In this example, we put "-t 2" and "-p 2" so we can use up to two processors
in the bootstrapping. We set the bootstrapping by "-b 30" and "--numBootstraps 30".
It will take several minutes for the sample data.
```{bash, eval=FALSE}
# the toy RNAseq data is saved in /home/rstudio/RNAseq folder
# create a link to current folder
ln -s /home/rstudio/RNAseq/fastq ./
# mapping
# Ablated and Uninjured are related with fastq file name
mkdir -p kallisto_quant
mkdir -p salmon_quant
for rep in 1 2
do
for cond in Ablated Uninjured
do
kallisto quant -i danRer.GRCz11_transcrits.toy.idx \
-o kallisto_quant/$cond.rep$rep \
-b 30 -t 2 fastq/$cond.rep$rep.fastq.gz \
--single -l 200 -s 50
salmon quant -i danRer.GRCz11_transcrits.toy.salmon.idx -l A \
-r fastq/$cond.rep$rep.fastq.gz \
--validateMappings -p 2 \
-o salmon_quant/$cond.rep$rep \
--numBootstraps 30 --seqBias --gcBias
done
done
```
## R scripts for RNAseq
Here we give an example workflow for a differential expression (DE) analysis.
The following code should be run in Console of Rstudio.
### prepare the transcripts to genes map table
We are trying to do gene level DE analysis. We need to aggregate the transcript
level counts to gene level. We borrowed from the Sleuth documentation by
retrieve ENSEMBL transcript id to gene id.
```{r, eval=FALSE}
setwd("data/RNAseq")
library(biomaRt)
library(dplyr)
tx2gene <- function(species="hsapiens", ...){
mart <- biomaRt::useMart(biomart = "ensembl",
dataset = paste0(species, "_gene_ensembl"), ...)
t2g <- biomaRt::getBM(attributes = c("ensembl_transcript_id",
"ensembl_gene_id",
"external_gene_name"), mart = mart)
t2g <- dplyr::rename(t2g, target_id = ensembl_transcript_id,
ens_gene = ensembl_gene_id, ext_gene = external_gene_name)
return(t2g)
}
t2g <- tx2gene("drerio")
head(t2g, n=3)
```
If you have trouble in downloading the data from ensembl, try to load the pre-saved
object for the toy data.
```{r, eval=FALSE}
# t2g <- readRDS(url("https://raw.githubusercontent.com/jianhong/genomictools/master/inst/extdata/t2g.rds"))
t2g <- readRDS(system.file("extdata", "t2g.rds", package = "basicBioinformaticsDRC2024"))
head(t2g, n=3)
```
The following codes are using tximport to import the transcripts counts and
aggregate to gene level.

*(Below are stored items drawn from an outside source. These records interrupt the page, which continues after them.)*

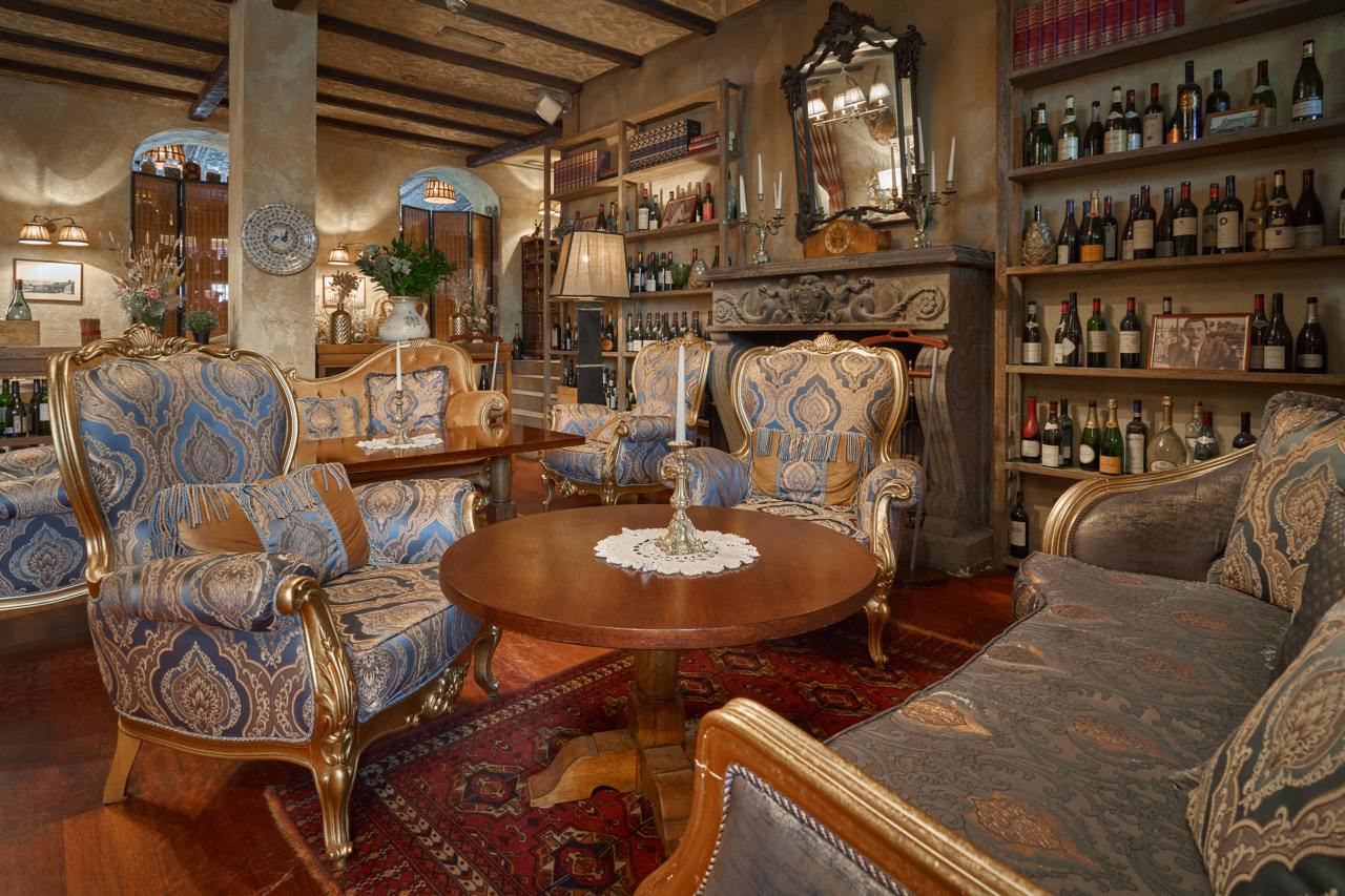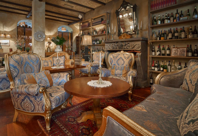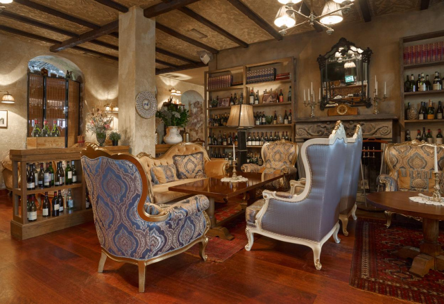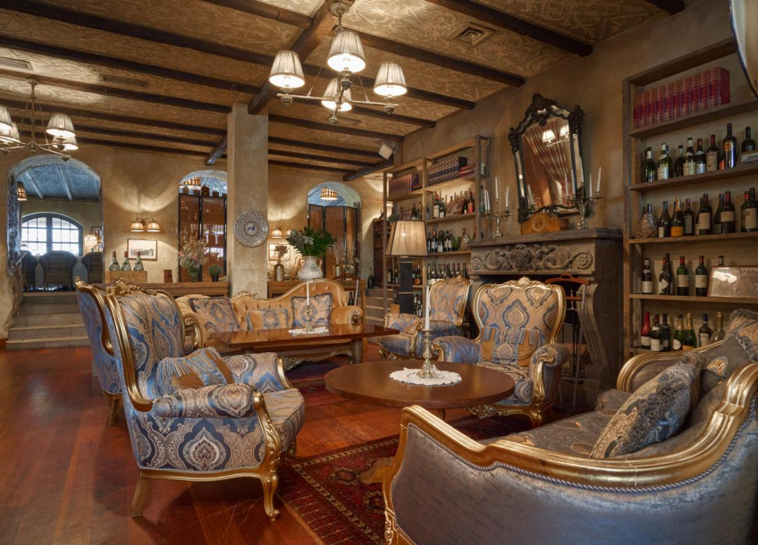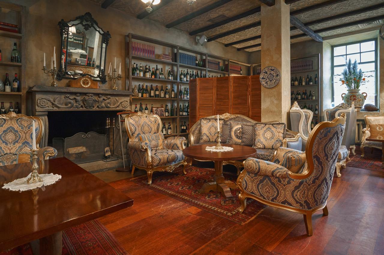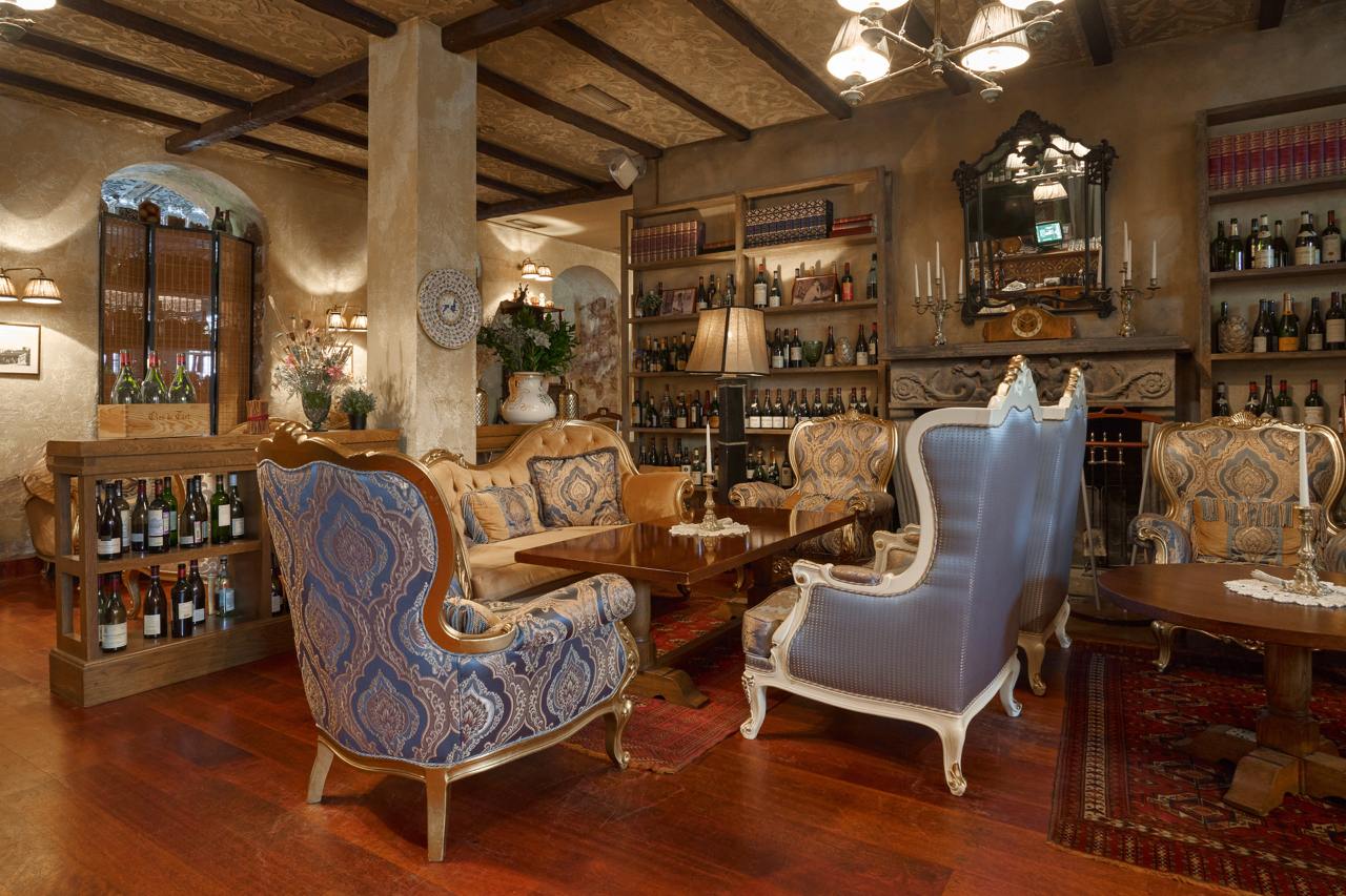Зал - «Энотека» с действующим камином и вычурными канделябрами, идеально подойдет для встречи небольшой компанией до 20 человек.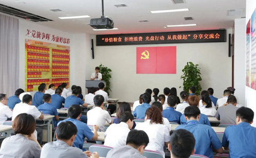 为了继续巩固和扩大取得的成果,推动职工在家居生活、企业工作、社会交往中提高节约意识,康婷集团以分享交流的形式,寓教于学、寓教于做,于2020年9月4日组织开展了“珍惜粮食 拒绝浪费 光盘行动 从我做起”分享交流活动。活动由工会主席屈洪伍主持,特邀集团总裁杨琪女士莅临参加。活动共分为三个部分,第一部分是观看节约粮食的视频片;第二部分是17名职工(姓名排序不分先后,杨会、李娜、张春颖、葛皓、付洋、王海龙、冯郸、殷蕊、王曾、于子发、芦永滨、范培浩、武冠男、刘帆、李金旭、冯佳斌、杨晶)分享他们在工作生活中勤俭节约的经验和实践,促进大家相互借鉴、相互学习、相互提高;第三部分是康婷集团对全体职工发出号召、提出要求:坚决制止餐饮浪费行为,切实培养节约习惯,在社会、企业、家庭中营造良好的勤俭节约氛围,承诺做到“厉行节约,从我做起;带头行动,有始有终,看到浪费,坚决制止;节约为荣,浪费为耻。”
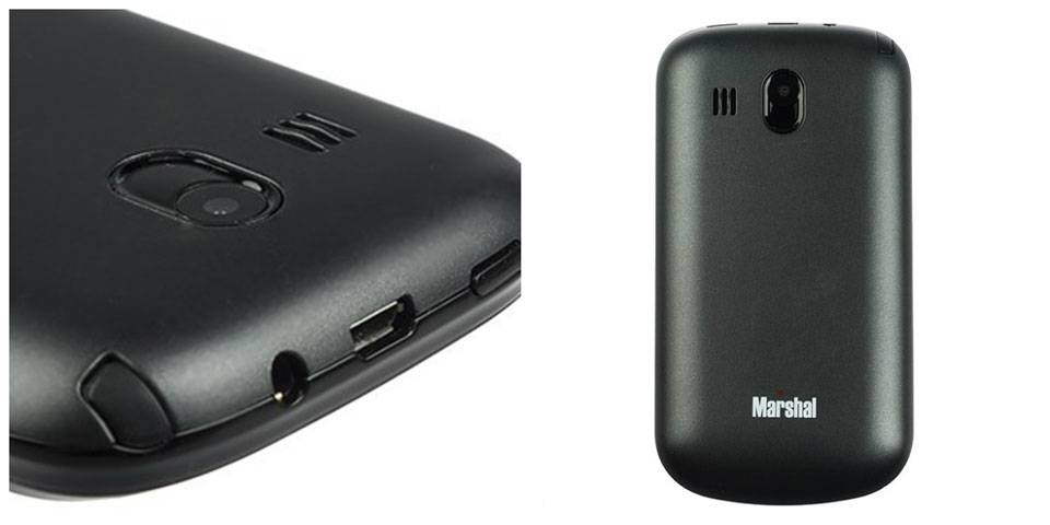 ME-363 از پلاستیک ساخته شده و ابعاد آن با توجه به صفحهنمایش 3.5اینچی، قابل قبول است؛ البته مقاومت بدنهی تمامپلاستیکی این گوشی در برابر خط وخش چنگی به دل نمیزند و اثر انگشت بهراحتی روی صفحهنمایش و قاب پشت به جا میماند. وزن 100گرمی گوشی هم با توجه به پلاستیکیبودن آن مناسب به نظر میرسد. برخلاف بسیاری از محصولات موجود در بازار، مارشال در طراحی این گوشی موبایل پورت microUSB را در لبهی بالایی گوشی تعبیه کرده است. در کنار این پورت، جک 3.5میلیمتری هدفون و هندزفری قرار دارد که میتوان از آن برای اتصال هندزفری (قرارگرفته درون جعبهی گوشی) استفاده کرد؛ همچنین کلید پاور هم در کنار این دو پورت و روی لبه بالایی قرار دارد تا این لبه بسیار شلوغ شده و کارایی آن افزایش پیدا کند. بد نیست بدانید لبههای سمت چپ و پایینی گوشی، خالی از هرگونه شیار، کلید یا پورت هستند.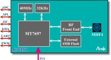 AcSiP bietet mit dem AI7697H ein hochintegriertes SIP-Modul mit einem Anwendungsprozessor, einem stromsparenden 1x1 11n Single-Band Wi-Fi-Subsystem, einem Bluetooth-Subsystem und einer Energieverwaltungseinheit.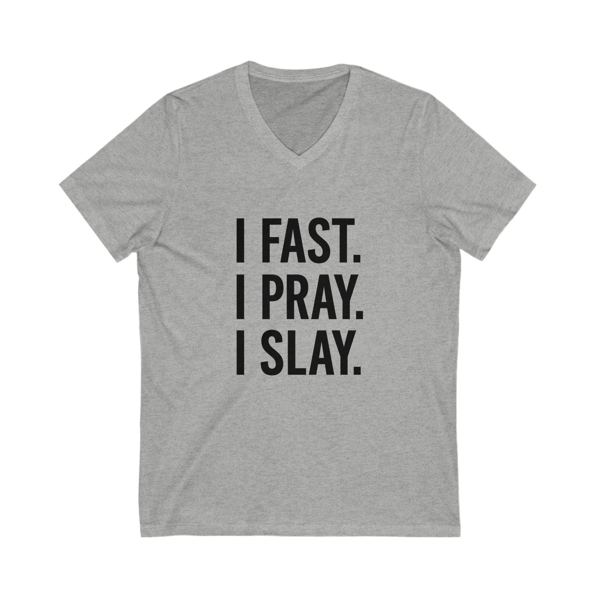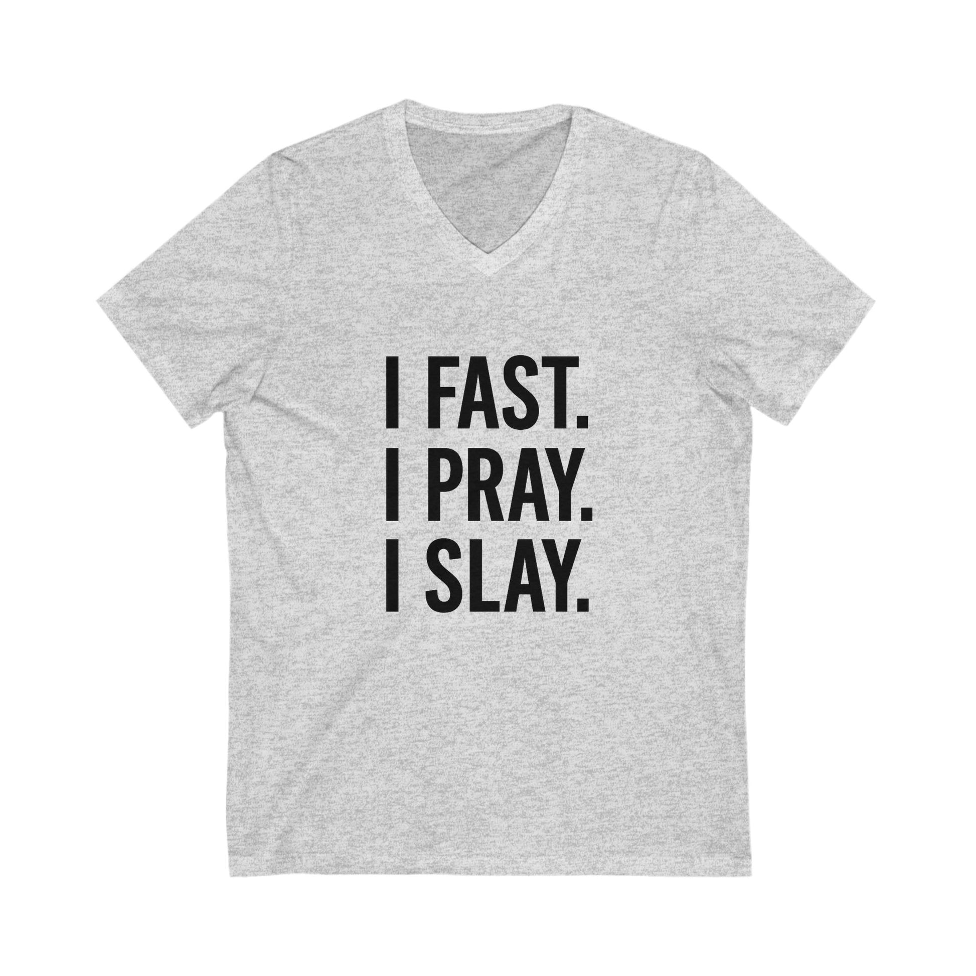 "I Fast. I Pray. I Slay." Unisex Round Neck T-Shirt – Black Lettering Christian Tee for Spiritual Warriors
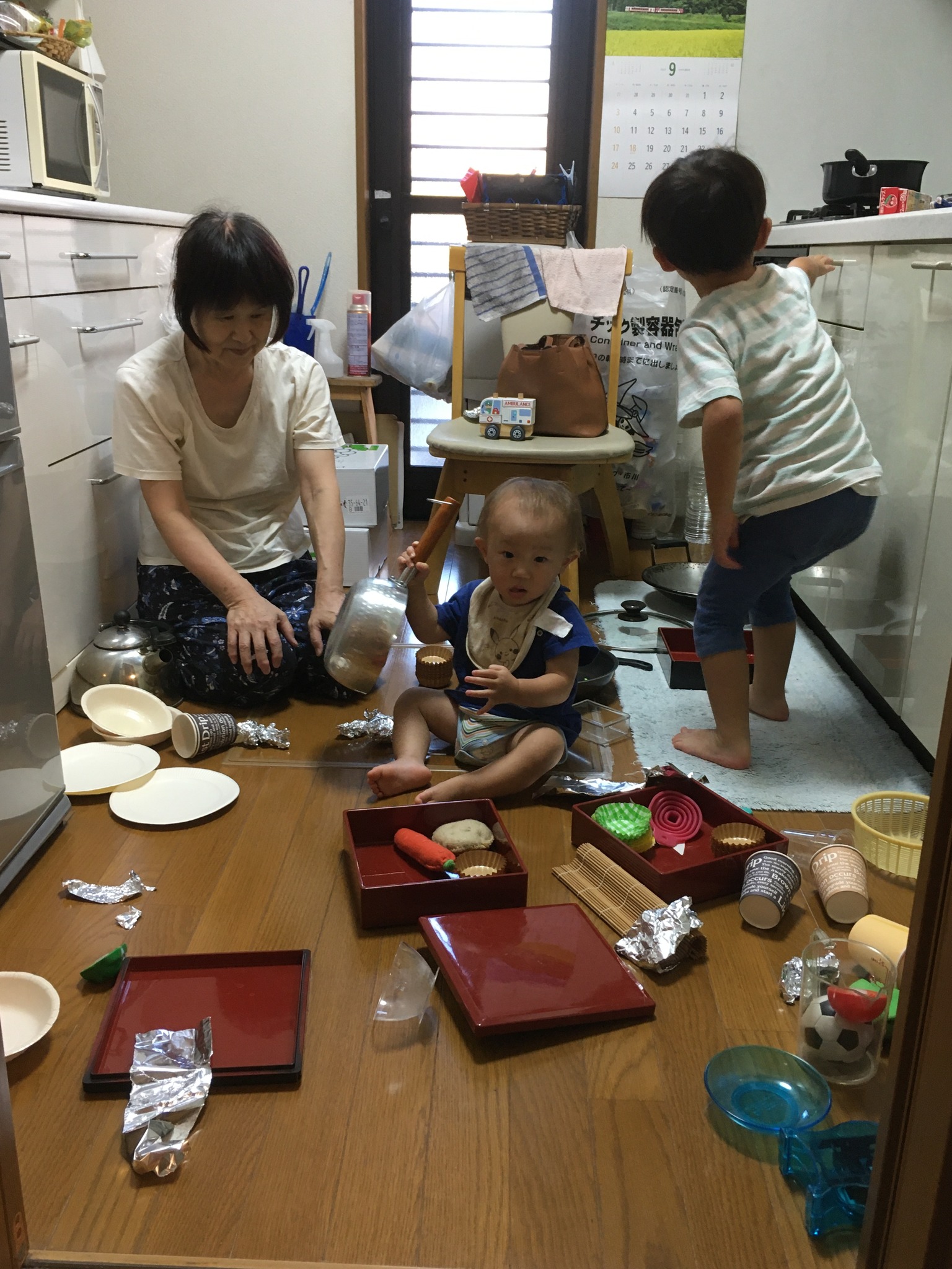 毎週火曜日は、孫1号がウチの近くのスイミングスクールに来るので、その間2号と3号とお遊び。プラレール 、トミカ 、お絵かき、水遊び、最近はママゴトがお気に入り。3号も歩くようになって兄と同じ事をやりたがる。

Downstream are using DESeq2 to do gene level DE analysis.
### run tximport + DESeq2 for Salmon results
```{r, eval=FALSE}
library(tximport)
library(DESeq2)
setwd("~/data/RNAseq") ## RNAseq is the folder where saved the salmon_quant and kallisto_quant
(salmon_files <- dir("salmon_quant", "sf$",
recursive = TRUE,
full.names = TRUE))
txi.salmon <- tximport(salmon_files, type = "salmon",
tx2gene = t2g, ignoreTxVersion=TRUE)
sampleTable <- data.frame(condition = sub(".rep.", "",
basename(dirname(salmon_files))))
rownames(sampleTable) <- colnames(txi.salmon$counts)
dds.salmon <- DESeqDataSetFromTximport(txi.salmon, sampleTable, ~condition)
dds.salmon <- DESeq(dds.salmon)
res.salmon <- results(dds.salmon)
res.salmon[!is.na(res.salmon$padj), ]
```
### run tximport + DESeq2 for kallisto results
```{r, eval=FALSE}
(kallisto_files <- dir("kallisto_quant", "abundance.tsv",
recursive = TRUE, full.names = TRUE))
txi.kallisto <- tximport(kallisto_files, type = "kallisto",
tx2gene = t2g, ignoreTxVersion=TRUE)
sampleTable <- data.frame(condition = sub(".rep.", "",
basename(dirname(kallisto_files))))
rownames(sampleTable) <- colnames(txi.kallisto$counts)
dds.kallisto <- DESeqDataSetFromTximport(txi.kallisto,
sampleTable, ~condition)
dds.kallisto <- DESeq(dds.kallisto)
res.kallisto <- results(dds.kallisto)
res.kallisto[!is.na(res.kallisto$padj), ]
```
### run Sleuth
The following code is showing how to use sleuth to do DE analysis.
However, the sleuth package is not updated. It may be broken.
```{r, eval=FALSE}
#BiocManager::install("pachterlab/sleuth")
library(sleuth)
samples <- dir("kallisto_quant")
s2c <- data.frame(path=dir("kallisto_quant", full.names = TRUE),
sample=samples,
condition=sub(".rep.", "", samples))
s2c
so <- sleuth_prep(s2c, ~-1+condition, target_mapping = t2g)
so <- sleuth_fit(so)
## which_beta must be in the colname of design table.
so <- sleuth_wt(so, which_beta = "conditionAblated")
sleuth_live(so)
```
## scripts for ChIPseq
### prepare index file for bwa
Run following code in Terminal panel of rstudio.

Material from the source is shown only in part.